Я читал приказ с чувством удовлетворения и с уважением думал о Жукове,
как о принципиальном человеке, который взялся за разоблачение провокаторов,
не считаясь со званием. Теперь мне стало ясно. Это не разоблачение. Это
сигнал для всех подобных - "попал в дерьмо, так не чирикай". До Приорова
этот сигнал дошел столь убедительно, что он даже "забыл" собственного
заместителя. И когда пришлось "вспомнить", то он только и написал, что
помнит его как заместителя. Что приказ Жукова был сигналом, можно судить и
по тому, что очень скоро насчет Галицкого был издан другой приказ (теперь
без публикации), в котором предыдущий приказ изменяется - не разжаловать, а
снизить в звании до генерал-лейтенанта и уволить в запас. Ведь не диссидент
же какой-нибудь. Ну, малость ошибся. Думал, все покрыто временем, а
оказалось, у КГБ все сберегается. Ему - это показали и малость посекли. Но
не убить же за ошибку. Свой все же человек. И первый приказ Жукова выглядит
в свете этого не столь уж благородно. Скорее похоже на участие в спектакле,
поставленном КГБ.
И вообще, я думаю, Запад напрасно ищет в Жукове особые качества и
предполагает за ним чуть ли не замыслы на низвержение существующего строя. И
по уровню знаний и по психическому складу он не отличается от военачальников
его круга. Он прошел удачно 30-е годы. Чем это объяснить - случаем или
чьим-то покровительством? Сказать трудно. Твердо мы знаем только, что круг
его сослуживцев был прочищен очень основательно. Известно также, что за 2
года перед войной он совершил головокружительный взлет. Опять-таки
случайность или покровительство? Во всяком случае каких-то заслуг в эти годы
за ним не обнаруживалось. А взлет был. Люди поверхностно знающие жизнь
Жукова, утверждают, что он взлетел во время войны. Но это неверно. Высший
служебный взлет у него начался перед войной. 1939 год - командующий армией
(Монголия), затем командующий Киевским особым военным округом, то есть
фронтом, а в 1940 году уже начальник Генерального штаба. Это был потолок его
взлета, который он никогда при жизни Сталина не перешагивал. Наоборот, с
началом войны опустился на ступень - стал командующим фронтом.

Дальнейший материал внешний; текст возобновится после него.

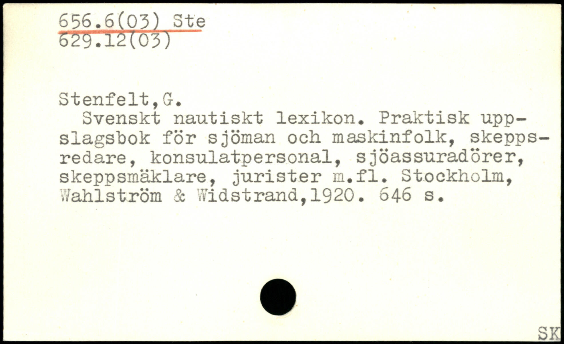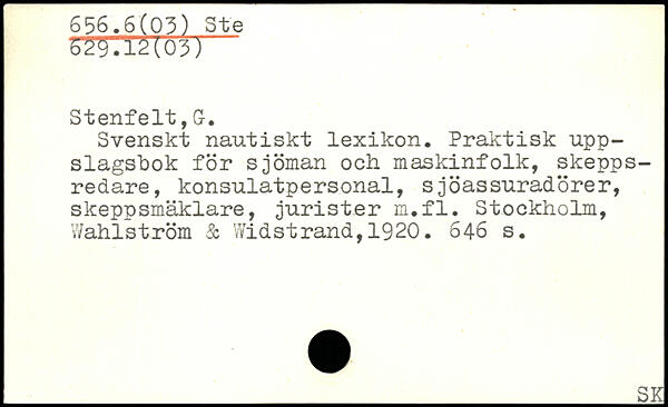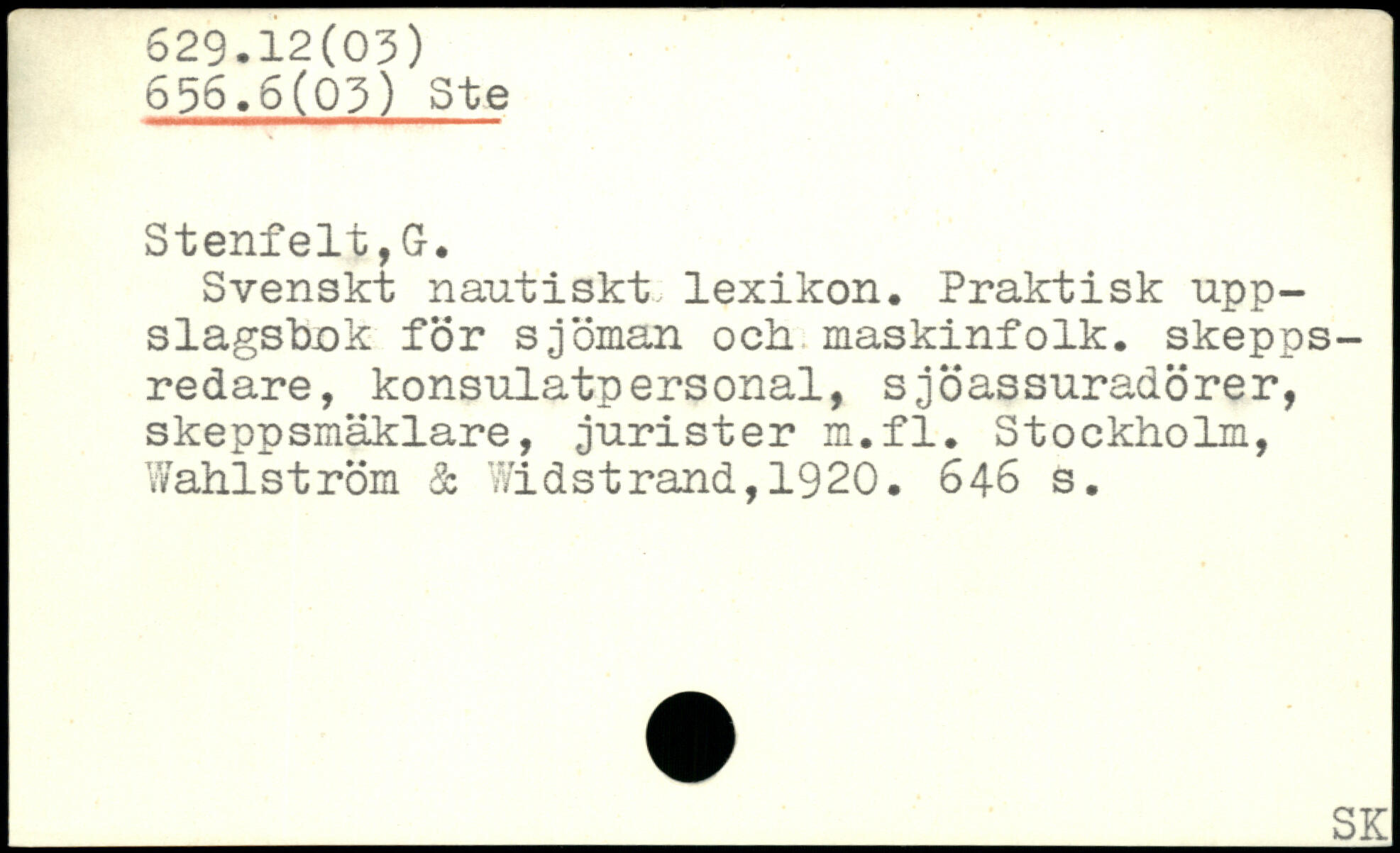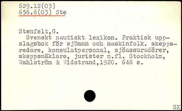Svenskt nautiskt lexikon. Praktisk uppslagsbok för sjöman och maskinfolk, skeppsredare, konsulatpersonal, sjöassuradörer, skeppsmäklare, jurister m.fl.

После смерти Сталина и ликвидации Берия, Жуков - министр обороны. Но
судьба его была решена на "историческом" заседании Политбюро, когда Хрущев,
Микоян и Суслов оказались большинством, а все остальные (7) членов политбюро
попали в меньшинство. Даже "примкнувший к ним Шепилов" не смог поднять их
вес.
Кризис наступил, когда Хрущев запротестовал против голосования, на том
основании, что первого секретаря избирает пленум ЦК. Ему возразили, что
Политбюро имеет право готовить вопрос к пленуму и собрались голосовать.

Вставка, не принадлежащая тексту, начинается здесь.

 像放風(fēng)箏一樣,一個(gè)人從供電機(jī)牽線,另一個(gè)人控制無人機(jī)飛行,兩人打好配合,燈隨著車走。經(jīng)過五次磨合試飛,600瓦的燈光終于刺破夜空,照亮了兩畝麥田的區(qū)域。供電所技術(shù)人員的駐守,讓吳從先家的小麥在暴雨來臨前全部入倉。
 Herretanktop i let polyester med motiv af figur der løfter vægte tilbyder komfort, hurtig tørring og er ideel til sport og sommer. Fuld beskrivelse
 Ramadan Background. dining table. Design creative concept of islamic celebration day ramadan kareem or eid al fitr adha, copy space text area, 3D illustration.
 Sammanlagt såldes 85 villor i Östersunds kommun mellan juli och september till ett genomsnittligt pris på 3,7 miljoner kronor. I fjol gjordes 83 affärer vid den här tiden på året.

Тогда поднялся Жуков, бывший в то время кандидатом в члены Политбюро, и
заявил, что если вопрос будет решен на Политбюро, а не на Пленуме, то он,
Жуков, выведет войска на улицы. Это был блеф. Я утверждаю, что армия за
Жуковым не пошла бы. Но ставшие в оппозицию Хрущеву члены Политбюро не знали
этого и поддались на блеф. Это и решило дело в пользу Хрущева; но этим же
решилась и судьба самого Жукова. Он не политик и не понимал, что блефовать в
политике небезопасно. Хрущев тоже поверил в то, что Жуков может повести за
собой войска. Следовательно, для Хрущева, после ликвидации оппозиции, Жуков
представлялся не соратником, а самым опасным врагом. Терпеть рядом человека,
который способен поднять вооруженные силы, Хрущев не мог.
И вскоре Жуков был отстранен от должности министра обороны. Насколько
Хрущев верил в реальность возможностей Жукова, можно судить по
обстоятельствам его отстранения. Снятие произведено как антивоенный
переворот. Жуков отрешен от должности во время нахождения его в Югославии.

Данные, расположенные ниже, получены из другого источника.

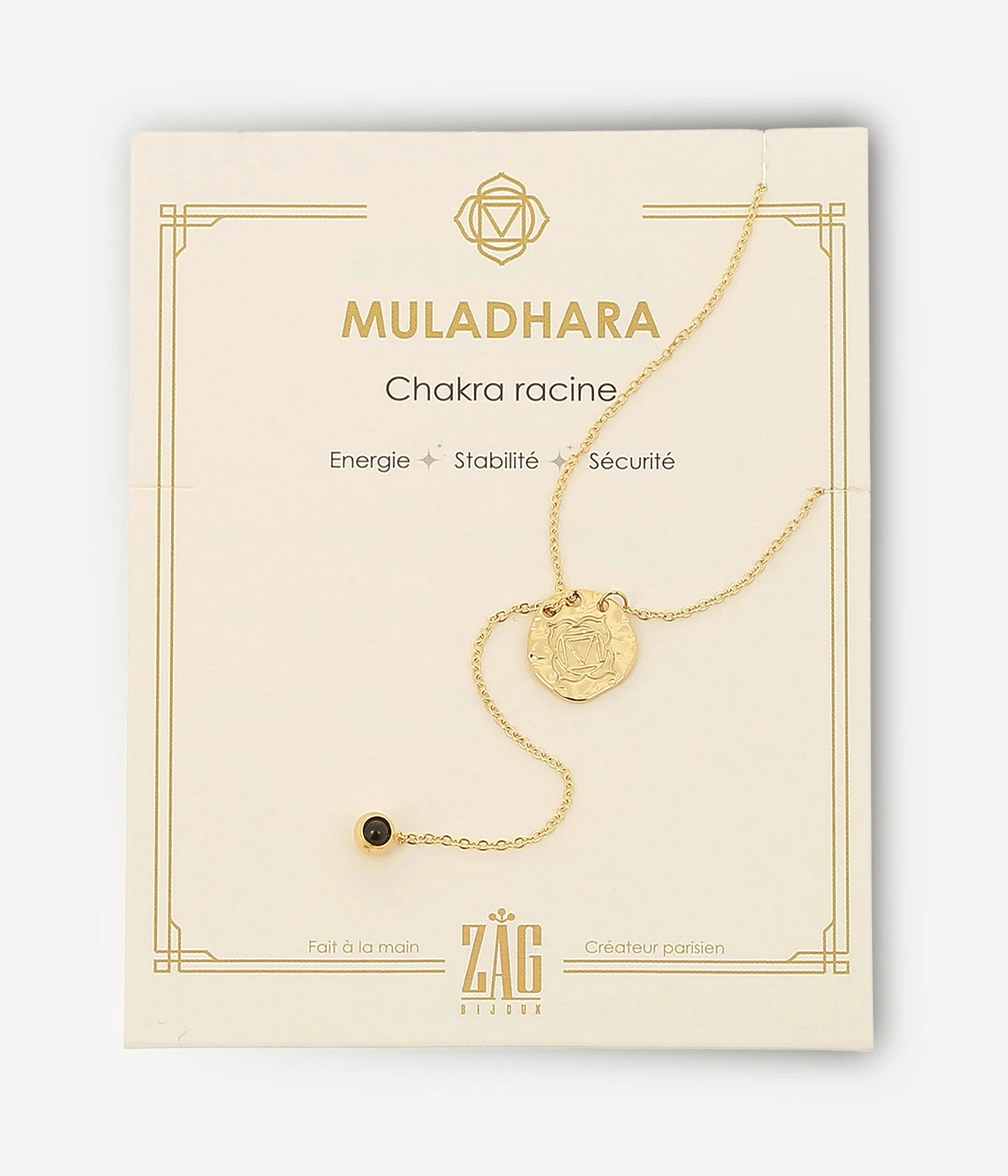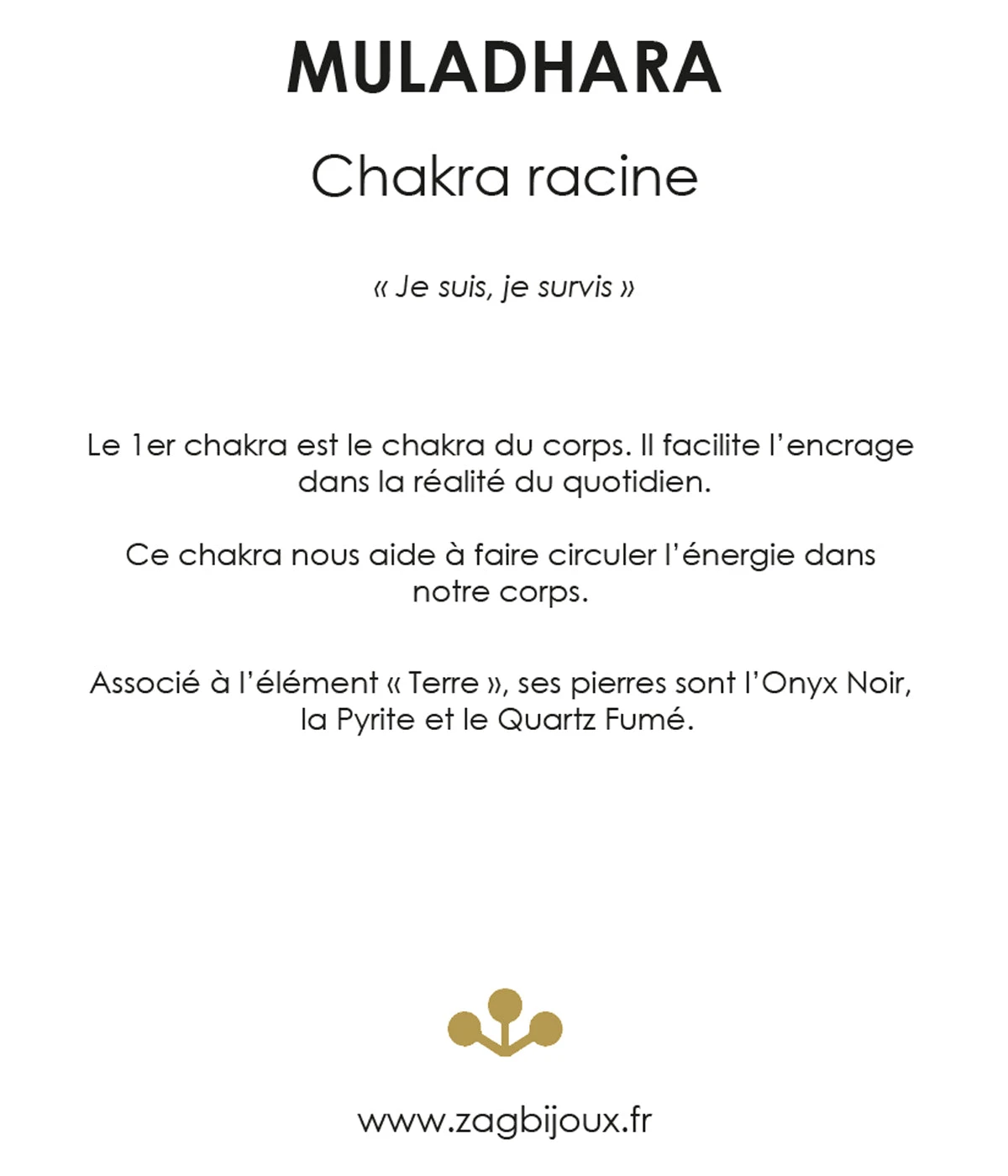 Ici, le Chakra Racine est symbolisĂ© par l’onyx noir.

Когда он возвратился, в здание министерства обороны его не впустили,
очевидно предполагая, что войдя туда, он встретится со своими
единомышленниками. Ему было предложено отправиться домой и не покидать
своего дома. Политорганам всех военных округов была дана директива на
следующий день провести партийные активы, на которых обсудить "состояние
партийно-воспитательной работы в войсках". Устно были даны указания
подвергнуть неограниченной критике деятельность Жукова как министра обороны
и командующих войсками округов, особенно тех, кого можно было считать
ставленниками Жукова.
Таким путем рассчитывали выявить возможных его единомышленников и
скомпрометировать его самого и всех, на кого он попытался бы опереться.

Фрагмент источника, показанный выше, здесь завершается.